School of Computer Science, Guangdong University of Technology, Guangzhou 510006, China.
School of Information Systems, Singapore Management University, 178902 Singapore.
Bioinformatics. 2020 Aug 15;36(16):4458-4465. doi: 10.1093/bioinformatics/btaa211.
Synthetic lethality (SL) is a promising form of gene interaction for cancer therapy, as it is able to identify specific genes to target at cancer cells without disrupting normal cells. As high-throughput wet-lab settings are often costly and face various challenges, computational approaches have become a practical complement. In particular, predicting SLs can be formulated as a link prediction task on a graph of interacting genes. Although matrix factorization techniques have been widely adopted in link prediction, they focus on mapping genes to latent representations in isolation, without aggregating information from neighboring genes. Graph convolutional networks (GCN) can capture such neighborhood dependency in a graph. However, it is still challenging to apply GCN for SL prediction as SL interactions are extremely sparse, which is more likely to cause overfitting.
In this article, we propose a novel dual-dropout GCN (DDGCN) for learning more robust gene representations for SL prediction. We employ both coarse-grained node dropout and fine-grained edge dropout to address the issue that standard dropout in vanilla GCN is often inadequate in reducing overfitting on sparse graphs.

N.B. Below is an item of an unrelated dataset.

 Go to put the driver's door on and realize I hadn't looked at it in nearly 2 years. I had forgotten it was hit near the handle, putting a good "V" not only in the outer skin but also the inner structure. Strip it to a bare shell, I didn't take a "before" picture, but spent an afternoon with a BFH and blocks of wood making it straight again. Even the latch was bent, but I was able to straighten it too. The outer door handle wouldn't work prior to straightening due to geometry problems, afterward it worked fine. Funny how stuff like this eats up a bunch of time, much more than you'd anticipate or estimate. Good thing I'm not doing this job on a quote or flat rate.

In particular, coarse-grained node dropout can efficiently and systematically enforce dropout at the node (gene) level, while fine-grained edge dropout can further fine-tune the dropout at the interaction (edge) level. We further present a theoretical framework to justify our model architecture. Finally, we conduct extensive experiments on human SL datasets and the results demonstrate the superior performance of our model in comparison with state-of-the-art methods.

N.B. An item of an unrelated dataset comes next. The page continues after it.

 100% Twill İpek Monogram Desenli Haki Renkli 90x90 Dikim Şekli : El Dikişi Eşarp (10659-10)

DDGCN is implemented in Python 3.7, open-source and freely available at https://github.com/CXX1113/Dual-DropoutGCN.
Supplementary data are available at Bioinformatics online.
合成致死性(SL)是癌症治疗中一种很有前途的基因相互作用形式,因为它能够识别针对癌细胞的特定基因,而不会破坏正常细胞。由于高通量湿实验室设置通常成本高昂且面临各种挑战,因此计算方法已成为一种实用的补充。特别是,预测 SL 可以被表述为在相互作用基因的图上进行链接预测任务。尽管矩阵分解技术已广泛应用于链接预测,但它们侧重于孤立地将基因映射到潜在表示,而不聚合来自相邻基因的信息。图卷积网络(GCN)可以在图中捕获这种邻域依赖性。然而,由于 SL 相互作用非常稀疏,这更容易导致过拟合,因此应用 GCN 进行 SL 预测仍然具有挑战性。
在本文中,我们提出了一种新颖的双 dropout GCN(DDGCN),用于学习更稳健的基因表示,以进行 SL 预测。我们同时采用粗粒度节点 dropout 和细粒度边 dropout,以解决标准 GCN 中的 dropout 在稀疏图上减少过拟合的效果往往不足的问题。特别是,粗粒度节点 dropout 可以有效地、系统地在节点(基因)级别强制进行 dropout,而细粒度边 dropout 可以进一步微调交互(边)级别上的 dropout。我们进一步提出了一个理论框架来证明我们的模型架构。最后,我们在人类 SL 数据集上进行了广泛的实验,结果表明我们的模型在与最先进的方法相比时具有优越的性能。
DDGCN 是用 Python 3.7 实现的,开源并可在 https://github.com/CXX1113/Dual-DropoutGCN 上免费获取。
补充数据可在 Bioinformatics 在线获得。